Worried About Hackers? FCPS has Been Breaching Students’ and Staff’s Privacy for Years

For years, Fairfax County Public Schools (FCPS) has been aware of its failures to secure private information.

Hackers breaching its system is another breach in a long line of privacy breaches and failures to secure information.

This evening, 9.11.20 (hours after news outlets were already covering the story), FCPS announced, that “ransomware was placed on some of [FCPS’] technology systems.”

According to Drew Wilder of NBC News Channel 4 in Washington, D.C., there is more than ransomware to be concerned about:

The internet hacking group Maze claims it stole private information from Fairfax County Public Schools. To prove it, Maze has already posted some of it online. . . . News4 has viewed some of the documents posted online. One is nothing more than an internal training document from several years ago. But there’s also personal information that includes letters regarding disciplinary actions against 15 different students and their grades.

And yet . . .

FCPS has been releasing information about students—without their permission—for years.

FY15-17:

In an internal FCPS document titled “Hot Topics“, dated December 11, 2017, cover 2015-17, FCPS stated about Silverbrook Elementary School:

“SLP asked all sixth grade speech students to stand to be recognized during the EOY assembly in front of entire school. Proposed resolution to parents and they declined. CAP required training for SES and letter of assurance.”  “Maintain student confidentiality, particularly about sped status. Provided FERPA/confidentiality training to Silverbrook.”

In the same “Hot Topics” document, FCPS stated:

“Confidentiality of student records is a significant concern across the division. FCPS was found out of compliance by VDOE due to a confidentiality breach at Silverbrook ES, and we anticipate a noncompliant finding by VDOE again in the pending state complaint regarding Silverbrook and South County MS.”

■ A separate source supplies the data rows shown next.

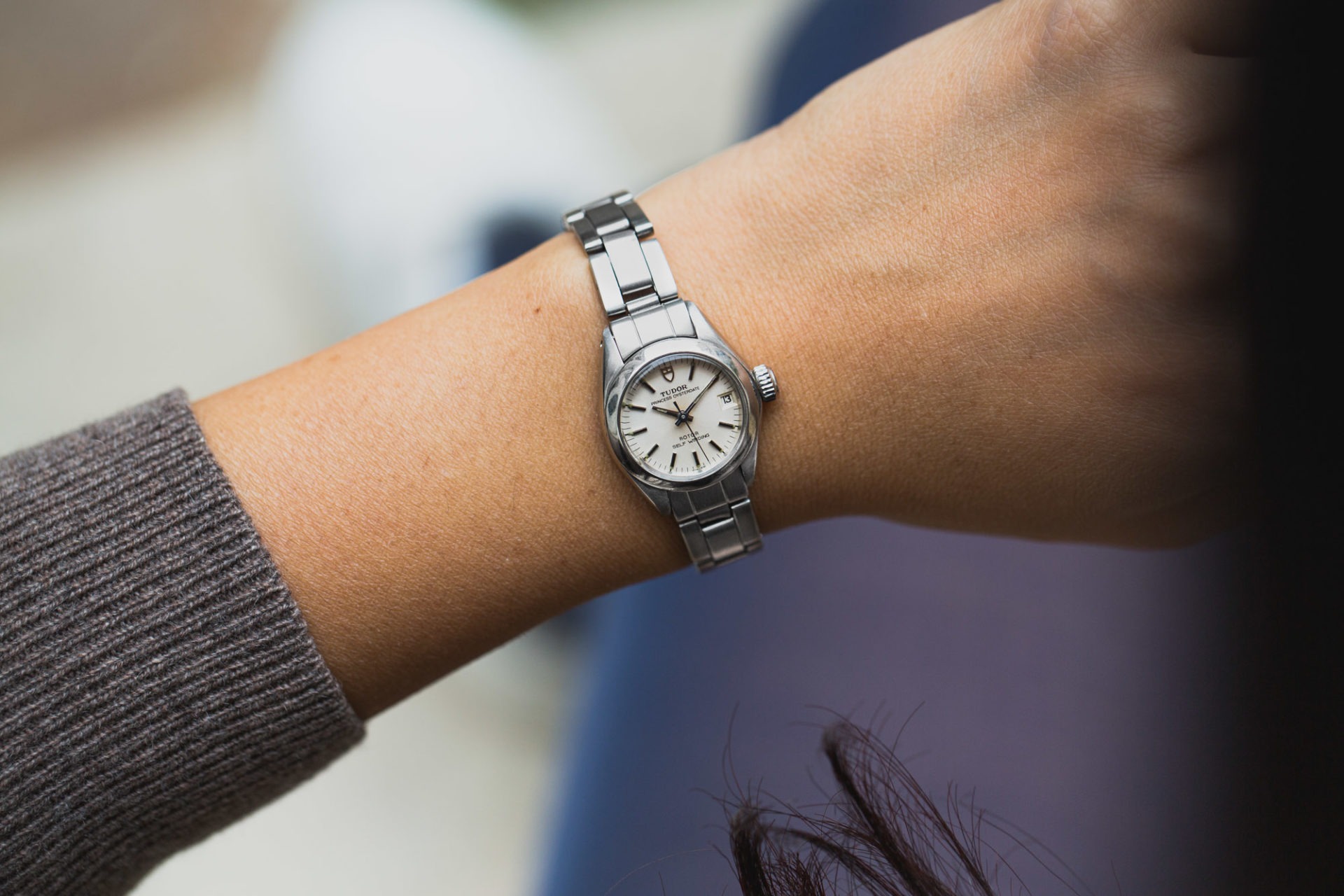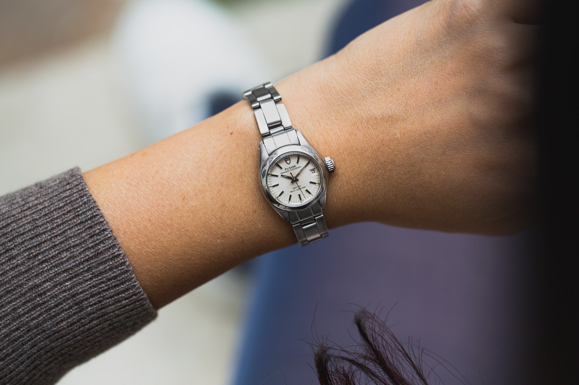 Si vous appréciez le charme des montres Rolex & Tudor de ces années, vous trouverez forcément cette Tudor pour femme complètement dingue. On y retrouve tout ce qui nous plait dans la montre sportive et chic en acier : le boitier Oyster, le fond et la couronne vissés agrémentés de la couronne gravée. Sans parler du bracelet acier Oyster aux mailles pliées.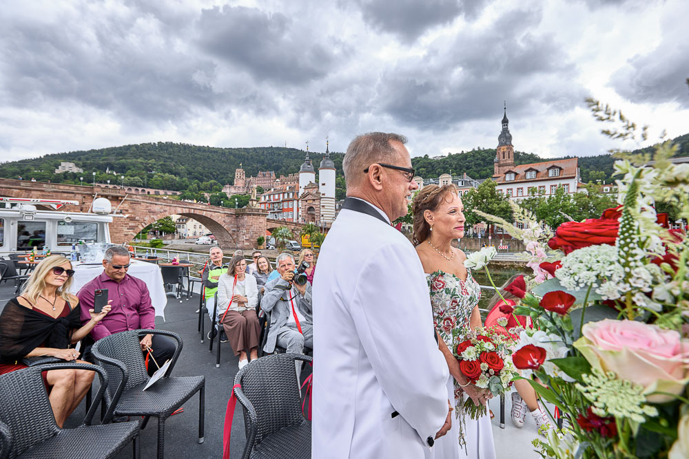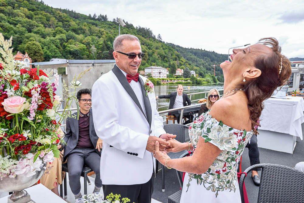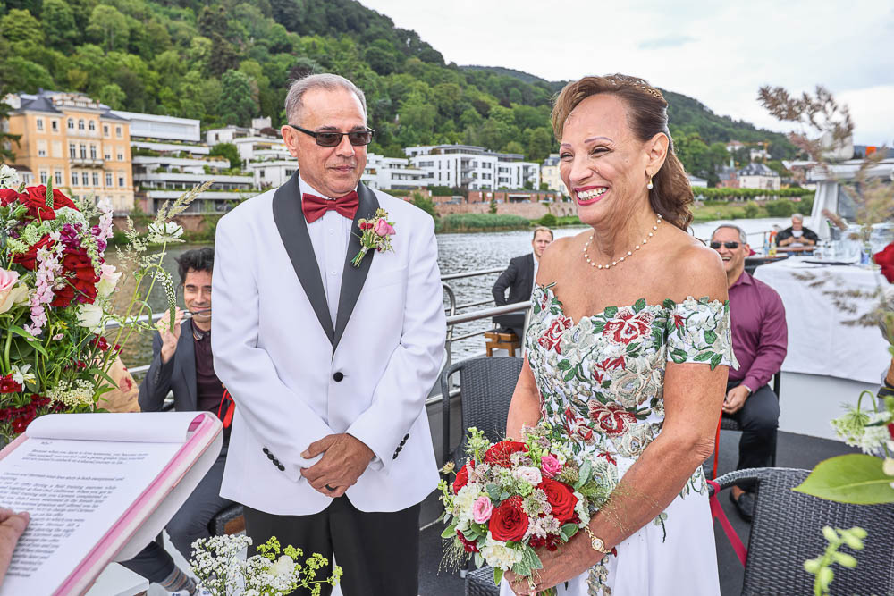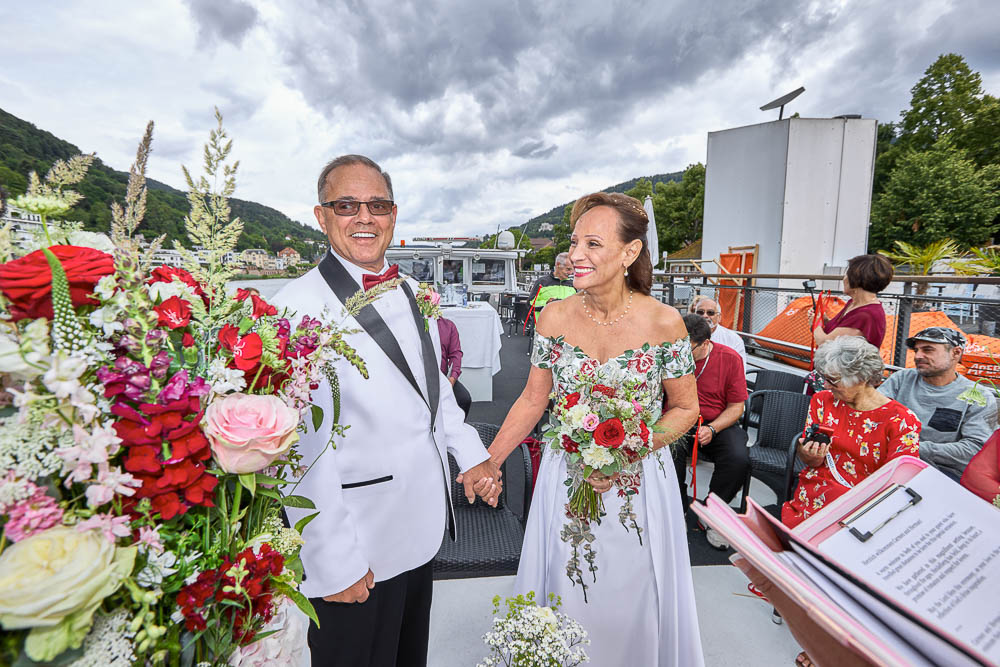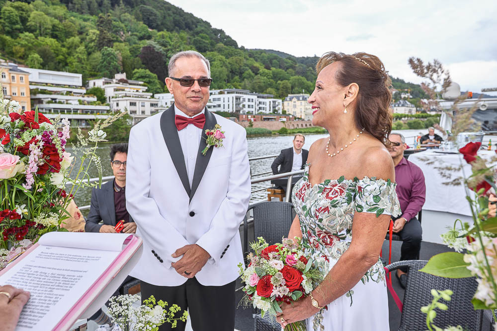 A wedding vows renewal on the Neckar in Romantic Heidelberg, Germany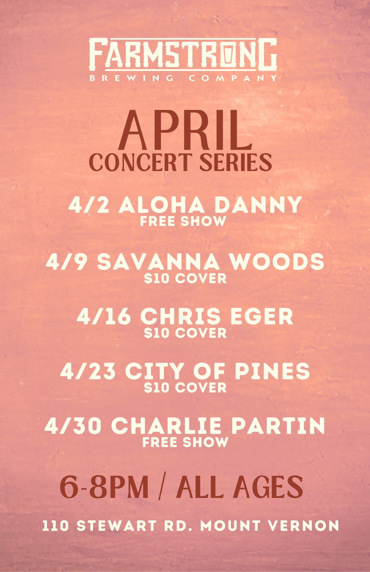 APRIL CONCERT SERIES Every Thursday 6pm-8pm. All Ages. Open Seating.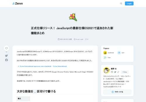 正式仕様リリース! JavaScriptの最新仕様ES2021で追加された新機能まとめ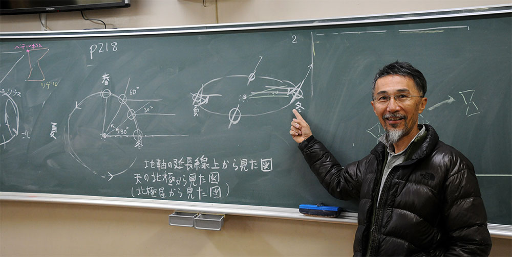 図4:私による補足説明(クリックすると拡大します)図4は問題集の解説スナップ写真です。黒板左の模式図は、天の北極から見た地球の公転を示しています。4つある地球は、30度ずつ動いています。この30度は、数学的に図4のように移動させることができます。また、私が指でさしている『冬の地球』と先の模式図の『冬の地球』は対応しています。私がさしている模式図は、天の北斜め上から見た図です。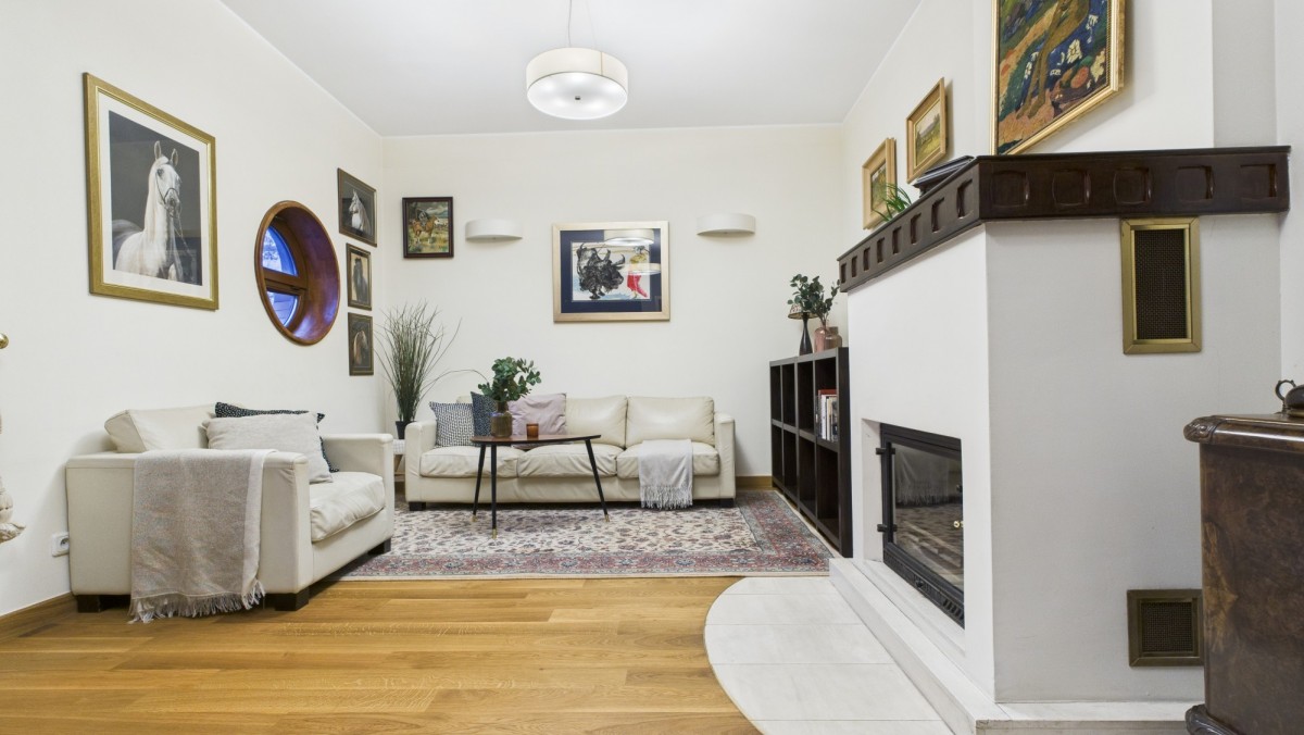 salon z kominkiem i wyjściem na loggię
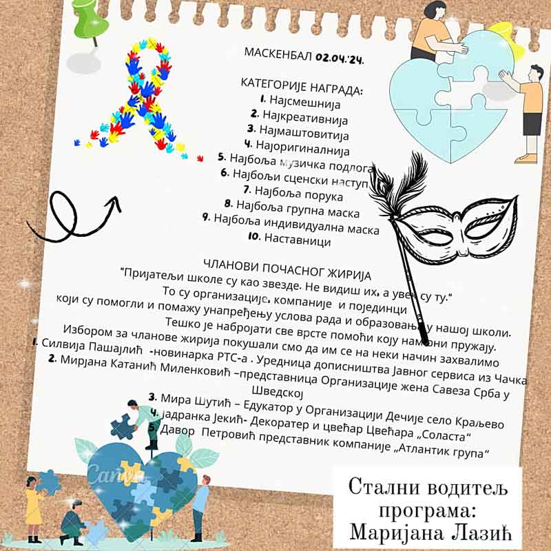 апр 2 2024 Mаскенбал поводом Светског дана особа са аутизмом Новости / 2. април 2024. Будите део нас!

Click on image above to view document in full. I redacted names of students before posting.

6.10.16 FERPA Request:

Within its response to a 6.10.16 FERPA request I submitted, FCPS provided me the special education screening committee schedule, which listed two children from West Springfield Elementary school, who aren’t my own.

7.21.16 FERPA Request:

Within its response to a 7.21.16 FERPA request I submitted, FCPS provided me information about two staff members at Silverbrook Elementary School.

2.3.17:

South County Middle School teacher bcc’d her husband on an email that contained confidential student information. 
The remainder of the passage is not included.